Friday, February 20, 2009

7 quick takes 022009

1. I finally got registration confirmation for the continuing ed classes I'm taking, so I'll be in class the next four Saturdays. Boo. The upside is that I still have nine days of vacation to use before 6/30/09, so I may well take some Mondays off to avoid that burned out feeling. The first class is tomorrow.

2. Oh, right - we are supposed to get five to eight inches of snow overnight Friday up to dinnertime on Saturday. There are upsides to being in class while it is snowing - parking in the structure means no snow to brush off the car, class ending at five means the streets should have been plowed/salted by then, not being home means no chance whatsoever of me being drafted into doing any of the shoveling.
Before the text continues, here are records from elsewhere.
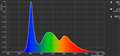 西川善司さん 白色LEDバックライトモデルではよく見られるスペクトラムだ |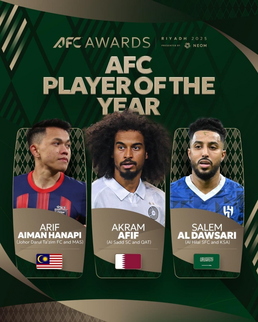 Ba cái tên Arif Aiman, Akram Afif và Salem Al-Dawsari được xem là đại diện tiêu biểu cho ba nền bóng đá đang lên của châu lục. Ai trong số họ sẽ được xướng tên là Cầu thủ xuất sắc nhất châu Á 2025? Câu trả lời sẽ được tiết lộ trong đêm gala đáng chờ đợi tại Riyadh.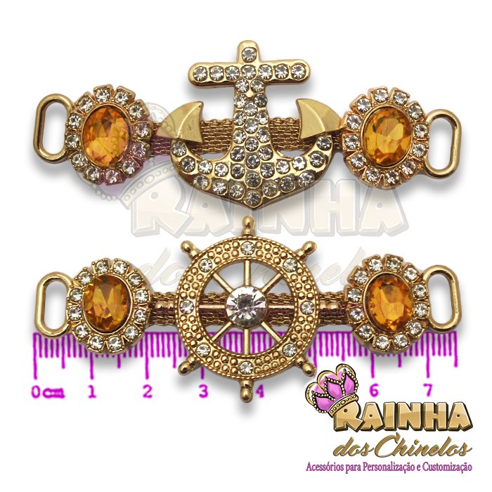 Cabedal Lateral Âncora e Leme Amarelo para Customizar e Personalizar Chinelos, Sandálias e Artesanatos em Geral. Crie modelos lindos, delicados e diferentes!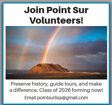 Pt. Sur lighthouse and its supporting lightstation buildings, now a California State Historic Park, stand atop a dramatic volcanic rock just off-shore in Big Sur, California. This historic aid-to-navigation has a modern aero-beacon which still guides ships along the treacherous Central California Coast. On the National Register of Historic Places and a California landmark, Pt. Sur can be visited by guided walking tours year round.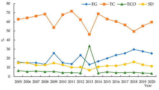 It can be seen from Figure 2 that each criteria layer has different effects on the high-quality development of the forestry economy. During the whole research period, the obstacle degree of technological change (TC) repeatedly showed a “declining-rising” trend, with constant fluctuation. Generally speaking, it decreased from 62.76% in 2005 to 59.74% in 2020. However, the degree of obstacles still ranked first, which had the greatest impact on the high-quality development of the forestry economy. Apart from 2013, the obstacle degree of economic growth (EG) and shared development (SD) ranked second and third, respectively. Ecological construction (ECO) had a minor effect on the high-quality development of the forestry economy, with an obstacle degree of less than 10%. The forestry industry is a part of ecological construction. It could mitigate climate change and achieve sustainable development by absorbing carbon dioxide and other greenhouse gases, which improves the ecological environment quality. In order to promote the high-quality development of the forestry economy, we should constantly promote technological change, improve the transformation of research achievements and promote the utilization rate of resources.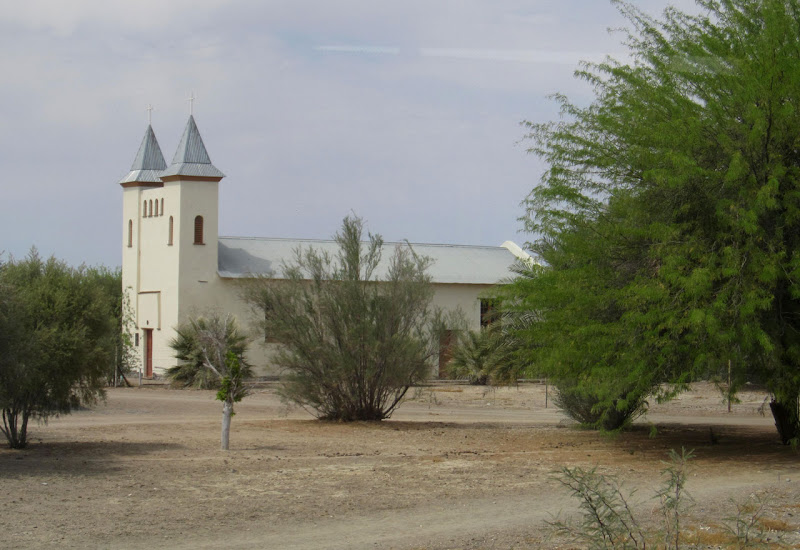 07. Oktober 2012Heute morgen wäre es uns beinahe passiert und wir hätten eine der sieben Todsünden des Safarireisenden begangen - mein Handy hat uns nicht geweckt. Warum, sollte ich erst heute Abend herausfinden.Das Frühstück nehmen wir in der nahegelegenen Lodge ein, und es ist wirklich sehr lecker und reichlich. Dann geht es auf die 600 Kilometer lange Fahrt in Richtung Sossusvlei. Unterwegs machen wir einen Stopp am „Roadhouse“, einem urigen Hotel, dessen Rezeption und der Speisesaal voller Oldtimer und historischer Lastwagen sind. Auf dem Außengelände rosten Karosserien malerisch vor sich hin, eingewachsen und umrankt von Bäumen und Pflanzen. Wir haben die letzte Sitzreihe gewählt, weil man da bequemer sitzen kann, und finden uns als lustiges Quartett mit Sandra und Tanja wieder. Später bekommt die Reihe die Bezeichnung "Hühnerstange".Heute ist Sonntag, wie man uns mitteilt. Wir haben selbst schon jegliches Zeitgefühl verloren. Passend zum Wochentag fahren wir durch einen kleinen Ort namens Bethanie und bekommen von Max den Auftrag, die Kirchen zu zählen. Ich komme auf elf. Das sind für die Größe des Ortes mindestens zehn zu viel, zumal man niemanden auf der Straße sieht. Max erklärt uns, dass hier früher eine Art Missionsstation war, und die meisten Kirchen aus dieser Zeit stammen. 1883 wurde hier der erste Landerwerbsvertrag zwischen Heinrich Vogelsang und Joseph Frederiks II für Adolf Lüderitz abgeschlossen, der den Grundstein für die Kolonialisierung legte. Heute leben hier knapp 9000 Menschen - die meisten jedoch im Umland und kaum jemand hat Lust, den Sonntagvormittag in der Kirche zu verbringen, wenn man auf der Farm zu tun hat.

Well, that last one is iffy - landlord cleans at their church on Saturdays, and our house gets only the leftover energy. Still, one can hope.

3. My sewing machine is suing me for abandonment. I've not used it since the wedding cape was finished on about 12/30/08. More than seven weeks. At the moment I'll admit there are a couple of stacks of other stuff on top of the sewing cabinet, so it's a bit difficult to sit down for just a few minutes to sew. Based on my schedule, it's going to be a while longer before any quilty things are touched. Not being able to be creative makes me cranky.

Of course, I don't need the sewing machine to design quilts; I have a wonderful software program for that. If, of course, the desk where the computer sits were any clearer than the sewing table.

4. The Revelation study is about to kick into high gear. This week the evening group will finish the discussion of the messages to the seven churches, then move on to Rev. 4, a description of heaven and the beginning of the hard to unravel imagery. The morning group will start the study next week; while it's nice that the morning group will be behind the evening one (yea for reusing teaching notes!), that early group is much, much more challenging to lead. Still, it's fun.

If there is any interest in my walking through the study here on the blog, let me know in the comments. Be forewarned that I have no interest in arguing preterist, idealist or historicist interpretation perspectives, or even pre-, mid- or post-trib views - I'll let you know what perspective is being presented along with the Scriptural basis and let you make up your own minds. The purpose of the study is to gain an understanding of the events that surround Christ's return, so we can live our lives in a manner that reflects our anticipation of His imminent return.

5. Pardon me while I go get lunch. A coworker promised to bring in lunch for her birthday; she was suppposed to be here at 11:45 - it's 12:20 now. I usually eat lunch at 11...

Did I mention this coworker owns a Hmong deli and catering business? Roast pig, several asian salads and mini-cheesecake slices are on the menu.

Keep feeding us, Ger, and you can be any age you want!

I will, however, need to explain to my 1:30 meeting why my office smells of pork rinds...

6. The disadvantage of being a prolific reader is that every so often, you forget what you've read and pick up the same book, a year or so later. I picked up what appeared to be the most recent in Elizabeth Peters' (real name Barbara Mertz, other pseudonym Barbara Michaels) Amelia Peabody series, but now that I have it, I think I may have already read it.

If you've never sampled her work, do. Under the name Barbara Michaels she writes primarily gentle horror/suspense/ghost novels - try Ammie, Come Home and it's sort-of sequels, Shattered Silk and Stitches in Time.

Under Elizabeth Peters you'll find the Amelia Peabody novels - Amelia is a Victorian maiden who comes into a little money and travels to Egypt. The novels are both a riot (Amelia is a bit of a feminist, and rather...opinionated) and historically accurate; Ms. Mertz has a doctorate from the University of Chicago's Oriental Institute. Start with Crocodile on the Sandbank, the first in the series.

Also under Elizabeth Peters are two mini-series (did I mention she's been writing forever and is very prolific?), one concerning a not-very-demure librarian named Jacqueline Kirby (Die for Love is a hilarious send-up of the romance writing genre, but my personal favorite is The Murders of Richard the Third) and the other revolving around Vicky Bliss, a professor of Art History - try out Borrower of the Night.

7. Fun with figures tonight; we're doing the church audit. I've not had much success reminding people that in my case, my vocation is not necessarily my area of greatest spiritual gifting.